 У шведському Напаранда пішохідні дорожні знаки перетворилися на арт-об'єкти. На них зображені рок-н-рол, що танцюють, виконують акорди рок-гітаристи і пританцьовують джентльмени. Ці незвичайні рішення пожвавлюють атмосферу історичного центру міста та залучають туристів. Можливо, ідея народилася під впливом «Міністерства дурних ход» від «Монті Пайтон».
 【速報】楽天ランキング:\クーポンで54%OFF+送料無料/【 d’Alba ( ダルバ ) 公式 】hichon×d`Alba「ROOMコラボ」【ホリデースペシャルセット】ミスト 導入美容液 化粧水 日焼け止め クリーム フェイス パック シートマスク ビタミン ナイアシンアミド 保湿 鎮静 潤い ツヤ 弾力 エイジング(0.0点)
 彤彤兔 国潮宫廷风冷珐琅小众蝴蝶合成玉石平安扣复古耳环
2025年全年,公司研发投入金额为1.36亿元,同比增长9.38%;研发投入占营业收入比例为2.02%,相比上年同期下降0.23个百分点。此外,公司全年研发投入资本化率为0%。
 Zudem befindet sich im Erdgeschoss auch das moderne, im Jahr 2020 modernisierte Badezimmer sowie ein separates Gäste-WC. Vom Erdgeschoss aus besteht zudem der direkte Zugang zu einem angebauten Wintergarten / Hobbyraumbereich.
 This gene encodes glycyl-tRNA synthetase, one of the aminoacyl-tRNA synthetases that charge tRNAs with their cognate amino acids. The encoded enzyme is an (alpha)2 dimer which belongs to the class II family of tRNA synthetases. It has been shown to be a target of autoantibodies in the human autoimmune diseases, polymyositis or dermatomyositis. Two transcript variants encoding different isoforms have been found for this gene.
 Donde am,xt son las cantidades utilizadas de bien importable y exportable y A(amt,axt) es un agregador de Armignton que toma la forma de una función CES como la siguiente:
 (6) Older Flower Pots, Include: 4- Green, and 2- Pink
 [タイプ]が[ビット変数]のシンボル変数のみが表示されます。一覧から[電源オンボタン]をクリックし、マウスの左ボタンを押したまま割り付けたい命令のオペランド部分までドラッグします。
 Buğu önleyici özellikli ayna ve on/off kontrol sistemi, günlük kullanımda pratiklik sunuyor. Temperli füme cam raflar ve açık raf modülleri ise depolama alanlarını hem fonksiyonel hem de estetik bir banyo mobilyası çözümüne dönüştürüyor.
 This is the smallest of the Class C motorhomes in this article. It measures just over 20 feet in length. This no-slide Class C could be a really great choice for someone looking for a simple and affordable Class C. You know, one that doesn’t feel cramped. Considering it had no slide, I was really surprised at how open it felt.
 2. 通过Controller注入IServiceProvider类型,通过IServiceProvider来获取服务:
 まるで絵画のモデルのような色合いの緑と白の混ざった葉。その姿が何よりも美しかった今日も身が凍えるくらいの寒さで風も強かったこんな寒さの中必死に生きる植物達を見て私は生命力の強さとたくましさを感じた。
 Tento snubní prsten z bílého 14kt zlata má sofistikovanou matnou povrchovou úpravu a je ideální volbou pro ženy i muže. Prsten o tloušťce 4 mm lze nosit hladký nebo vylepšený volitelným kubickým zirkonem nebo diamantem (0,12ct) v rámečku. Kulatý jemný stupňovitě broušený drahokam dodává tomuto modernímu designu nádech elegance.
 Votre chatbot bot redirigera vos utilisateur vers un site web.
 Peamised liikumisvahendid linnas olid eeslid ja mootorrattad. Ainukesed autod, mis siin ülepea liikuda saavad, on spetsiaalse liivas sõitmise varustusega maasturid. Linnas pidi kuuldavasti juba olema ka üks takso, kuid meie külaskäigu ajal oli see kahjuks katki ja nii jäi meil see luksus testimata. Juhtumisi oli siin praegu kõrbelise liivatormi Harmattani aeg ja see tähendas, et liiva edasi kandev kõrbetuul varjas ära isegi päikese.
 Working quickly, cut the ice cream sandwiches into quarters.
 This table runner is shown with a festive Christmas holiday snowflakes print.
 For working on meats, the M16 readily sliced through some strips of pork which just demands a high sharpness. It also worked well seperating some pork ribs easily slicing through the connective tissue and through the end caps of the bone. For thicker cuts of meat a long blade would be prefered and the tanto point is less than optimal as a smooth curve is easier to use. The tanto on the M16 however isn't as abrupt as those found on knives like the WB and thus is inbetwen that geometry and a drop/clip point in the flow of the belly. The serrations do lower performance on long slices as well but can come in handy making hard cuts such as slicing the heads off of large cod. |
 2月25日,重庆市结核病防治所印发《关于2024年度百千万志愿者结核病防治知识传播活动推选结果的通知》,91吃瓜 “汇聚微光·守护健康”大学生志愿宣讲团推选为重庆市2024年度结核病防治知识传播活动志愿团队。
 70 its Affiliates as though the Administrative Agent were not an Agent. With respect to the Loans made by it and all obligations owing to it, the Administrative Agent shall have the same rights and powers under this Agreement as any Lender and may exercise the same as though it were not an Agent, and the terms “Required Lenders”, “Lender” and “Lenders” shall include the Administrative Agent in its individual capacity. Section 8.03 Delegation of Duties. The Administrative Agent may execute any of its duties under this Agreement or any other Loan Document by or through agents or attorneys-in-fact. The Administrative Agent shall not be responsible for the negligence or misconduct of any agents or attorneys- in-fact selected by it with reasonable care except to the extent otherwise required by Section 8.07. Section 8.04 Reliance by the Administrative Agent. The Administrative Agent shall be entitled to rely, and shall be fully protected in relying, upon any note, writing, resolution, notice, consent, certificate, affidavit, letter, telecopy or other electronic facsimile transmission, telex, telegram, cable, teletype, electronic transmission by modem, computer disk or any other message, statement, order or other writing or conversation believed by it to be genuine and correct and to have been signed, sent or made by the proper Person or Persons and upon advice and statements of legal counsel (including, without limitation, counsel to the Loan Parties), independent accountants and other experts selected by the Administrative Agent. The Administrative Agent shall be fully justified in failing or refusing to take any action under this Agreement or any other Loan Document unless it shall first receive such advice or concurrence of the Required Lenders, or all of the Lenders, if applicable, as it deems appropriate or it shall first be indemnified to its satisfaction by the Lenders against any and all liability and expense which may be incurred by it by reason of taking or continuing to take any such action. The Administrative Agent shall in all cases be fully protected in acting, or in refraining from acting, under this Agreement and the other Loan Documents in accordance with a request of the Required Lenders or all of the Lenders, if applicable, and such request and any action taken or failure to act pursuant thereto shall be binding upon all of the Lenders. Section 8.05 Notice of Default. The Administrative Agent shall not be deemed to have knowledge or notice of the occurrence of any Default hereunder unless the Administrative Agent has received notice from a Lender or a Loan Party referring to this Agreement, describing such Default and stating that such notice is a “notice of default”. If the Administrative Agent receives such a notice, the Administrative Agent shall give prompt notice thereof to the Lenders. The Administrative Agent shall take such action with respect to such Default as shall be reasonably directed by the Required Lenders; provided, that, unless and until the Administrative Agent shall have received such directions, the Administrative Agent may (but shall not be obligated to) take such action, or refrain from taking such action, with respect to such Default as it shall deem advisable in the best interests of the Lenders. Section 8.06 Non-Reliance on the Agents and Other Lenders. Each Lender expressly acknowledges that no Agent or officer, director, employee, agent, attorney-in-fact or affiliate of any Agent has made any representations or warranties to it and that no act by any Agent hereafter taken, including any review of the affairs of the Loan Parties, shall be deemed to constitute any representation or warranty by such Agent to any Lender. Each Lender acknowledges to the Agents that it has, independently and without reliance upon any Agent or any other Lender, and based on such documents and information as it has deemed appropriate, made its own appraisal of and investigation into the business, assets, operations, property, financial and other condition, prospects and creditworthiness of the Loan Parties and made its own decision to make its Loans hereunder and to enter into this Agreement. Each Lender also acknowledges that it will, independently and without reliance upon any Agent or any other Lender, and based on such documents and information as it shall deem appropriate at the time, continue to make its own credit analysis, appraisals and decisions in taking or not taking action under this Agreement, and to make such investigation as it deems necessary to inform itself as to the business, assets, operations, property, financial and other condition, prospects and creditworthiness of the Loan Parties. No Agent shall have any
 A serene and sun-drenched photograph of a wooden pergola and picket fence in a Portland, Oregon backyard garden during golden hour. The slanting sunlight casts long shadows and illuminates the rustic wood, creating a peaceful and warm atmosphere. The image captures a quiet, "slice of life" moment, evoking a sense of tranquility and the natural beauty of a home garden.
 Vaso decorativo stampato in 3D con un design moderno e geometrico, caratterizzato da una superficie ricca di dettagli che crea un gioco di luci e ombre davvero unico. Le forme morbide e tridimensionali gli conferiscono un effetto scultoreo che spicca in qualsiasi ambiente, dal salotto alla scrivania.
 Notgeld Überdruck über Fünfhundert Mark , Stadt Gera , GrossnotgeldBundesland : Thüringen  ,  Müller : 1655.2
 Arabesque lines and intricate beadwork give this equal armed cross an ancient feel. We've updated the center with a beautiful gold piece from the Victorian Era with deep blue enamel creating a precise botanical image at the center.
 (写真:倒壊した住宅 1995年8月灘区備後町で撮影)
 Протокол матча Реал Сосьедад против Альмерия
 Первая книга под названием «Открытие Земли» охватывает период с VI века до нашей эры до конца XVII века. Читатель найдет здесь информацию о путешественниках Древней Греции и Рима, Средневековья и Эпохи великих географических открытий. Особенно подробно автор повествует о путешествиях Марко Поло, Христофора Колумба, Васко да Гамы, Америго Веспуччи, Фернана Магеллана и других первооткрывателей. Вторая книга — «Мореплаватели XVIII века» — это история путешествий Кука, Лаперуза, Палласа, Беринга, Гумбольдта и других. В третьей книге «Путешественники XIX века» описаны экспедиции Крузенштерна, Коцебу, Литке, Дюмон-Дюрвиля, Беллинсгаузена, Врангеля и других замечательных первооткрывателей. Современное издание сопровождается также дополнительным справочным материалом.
----------------------------------------
• What to work on
Set down precisely the lines above between the line holding "Donde am,xt son" and the line holding "[タイプ]が[ビット変数]の", inclusive, and nothing beyond them.

• Completed task
 Donde am,xt son las cantidades utilizadas de bien importable y exportable y A(amt,axt) es un agregador de Armignton que toma la forma de una función CES como la siguiente:
 (6) Older Flower Pots, Include: 4- Green, and 2- Pink
 [タイプ]が[ビット変数]のシンボル変数のみが表示されます。一覧から[電源オンボタン]をクリックし、マウスの左ボタンを押したまま割り付けたい命令のオペランド部分までドラッグします。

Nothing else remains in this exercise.